• _Extracted records_:
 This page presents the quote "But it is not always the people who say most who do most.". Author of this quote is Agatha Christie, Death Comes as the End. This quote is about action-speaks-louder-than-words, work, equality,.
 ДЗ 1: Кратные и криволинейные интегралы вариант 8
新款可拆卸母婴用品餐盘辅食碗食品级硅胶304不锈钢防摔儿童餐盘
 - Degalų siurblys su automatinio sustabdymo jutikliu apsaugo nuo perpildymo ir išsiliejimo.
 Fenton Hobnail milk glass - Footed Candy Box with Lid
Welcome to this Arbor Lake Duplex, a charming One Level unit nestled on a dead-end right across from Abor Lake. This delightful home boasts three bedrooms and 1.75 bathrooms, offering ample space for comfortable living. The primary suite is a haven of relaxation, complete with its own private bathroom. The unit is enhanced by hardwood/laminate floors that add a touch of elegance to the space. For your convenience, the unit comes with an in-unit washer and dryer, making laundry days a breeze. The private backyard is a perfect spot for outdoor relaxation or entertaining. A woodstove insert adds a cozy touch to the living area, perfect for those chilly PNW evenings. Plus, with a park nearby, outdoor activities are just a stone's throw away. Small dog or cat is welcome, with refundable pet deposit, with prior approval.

...

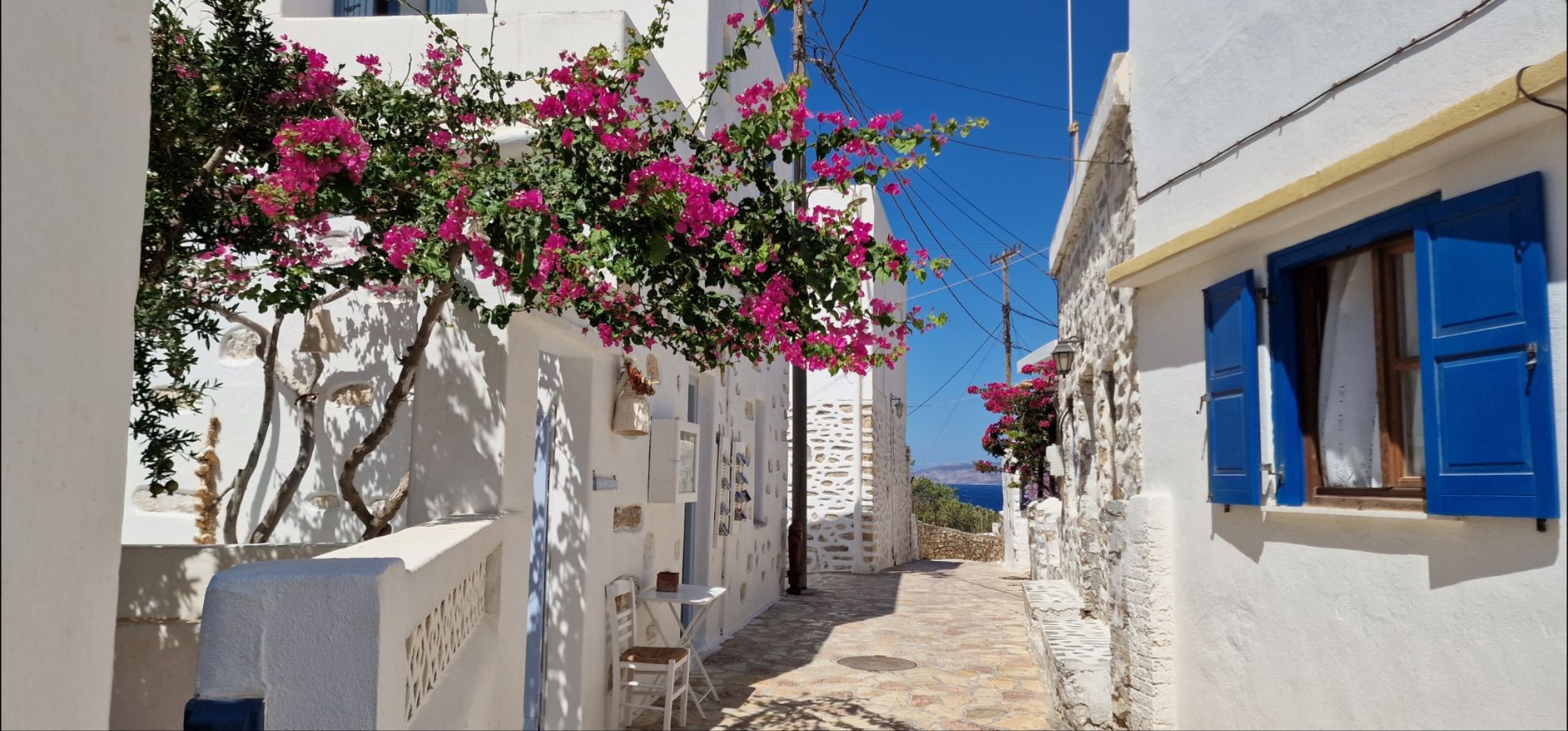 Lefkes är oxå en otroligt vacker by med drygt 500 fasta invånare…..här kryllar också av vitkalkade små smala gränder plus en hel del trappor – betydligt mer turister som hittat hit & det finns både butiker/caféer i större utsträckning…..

• _Required work_:
Write down again, exactly as given, only the lines above that fall from the line with "- Degalų siurblys" to the line with "Fenton Hobnail milk", inclusive.

• _Problem solution_:
 - Degalų siurblys su automatinio sustabdymo jutikliu apsaugo nuo perpildymo ir išsiliejimo.
 Fenton Hobnail milk glass - Footed Candy Box with Lid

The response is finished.